Central banks are selling gold now for one blunt reason: they need cash, and gold is the most liquid, pain‑free asset they can dump without triggering a credibility crisis.
The news wires report— “liquidity pressures”, “emerging‑market currency volatility”, “increased spending requirements” — but the underlying mechanics are more structural and revealing – they need the cash!
Central banks have swung from record gold accumulation to noticeable selling because the global system has shifted from long‑term hedging to short‑term survival.
The war in the Gulf has tightened liquidity, pushed up government spending, and destabilised emerging‑market currencies, forcing policymakers to turn their most liquid reserve into cash.
Gold is the one asset they can sell quickly without signalling panic, and that is shaping behaviour across dozens of reserve banks.
War, liquidity and the need for dollars
The Hormuz conflict has driven up energy costs, disrupted shipping and forced governments to spend more on defence and subsidies.
Emerging‑market central banks, already under pressure from currency volatility, need hard currency to intervene in FX markets and stabilise their economies. Selling gold provides instant access to dollars without dumping sovereign bonds or burning through already‑thin reserves.
A falling gold price creates a window
Gold has slipped around 12% from its January 2026 peak, entering a contraction phase despite geopolitical risk.
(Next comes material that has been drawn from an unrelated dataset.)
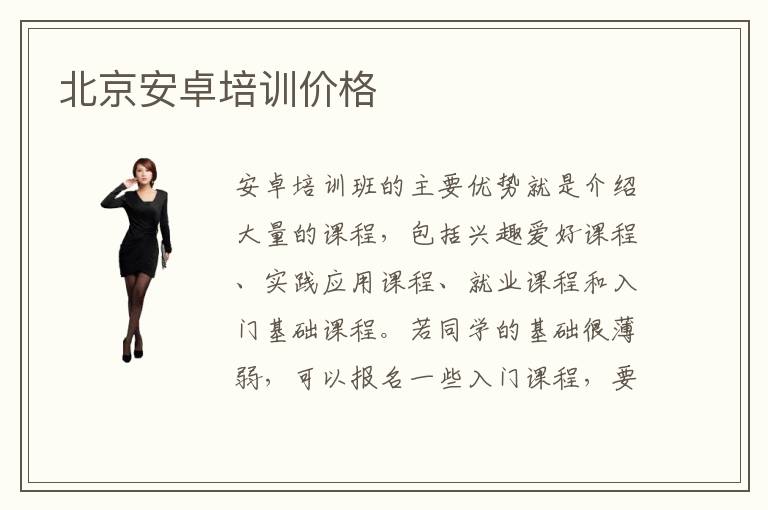 安卓培训班的主要优势就是介绍大量的课程,包括兴趣爱好课程、实践应用课程、就业课程和入门基础课程。若同学的基础很薄弱,可以报名一些入门课程,要是应用能力不够强,可以参加某些就业辅导课或者实践应用课,要是对这些课程很感兴趣,可以报名兴趣辅导课。北京安卓培训价格可能需要6000~1万元之间,因为同学的水平不同,报名的专项课程也有差异,学费就会存在一点点变动。有些同学基础特别扎实,想学习高难度的安卓技术课程,往往报名费用就会提高。但如果个人技术水平很有限,基础不够扎实,会选择入门级的课程学习,时间缩短,报名费也会下降。安卓培训的帮助特别多,比如详细介绍重点内容,还会开拓学习方向。安卓课程有哪些,主要有安卓开发技术、编程语言、程序开发设计等等。

For reserve managers, that is a cue to realise gains from the 2022–25 buying spree while prices remain historically high.
Selling now avoids being forced to sell later at distressed levels if the conflict deepens or fiscal pressures worsen. It will be bought back again at a later time.
The buffer they built is now being used
The record buying of recent years was driven by fears of sanctions, inflation and geopolitical fragmentation.
Those purchases created a cushion that can now be drawn down. The shift to selling does not signal a loss of faith in gold; it reflects the reality that reserves accumulated for stability are now being used to fund stability.
The deeper story is not about gold at all, but about a global system under strain: governments facing rising costs, currencies under pressure, and central banks forced to prioritise liquidity over long‑term positioning.
This is why central banks hold gold.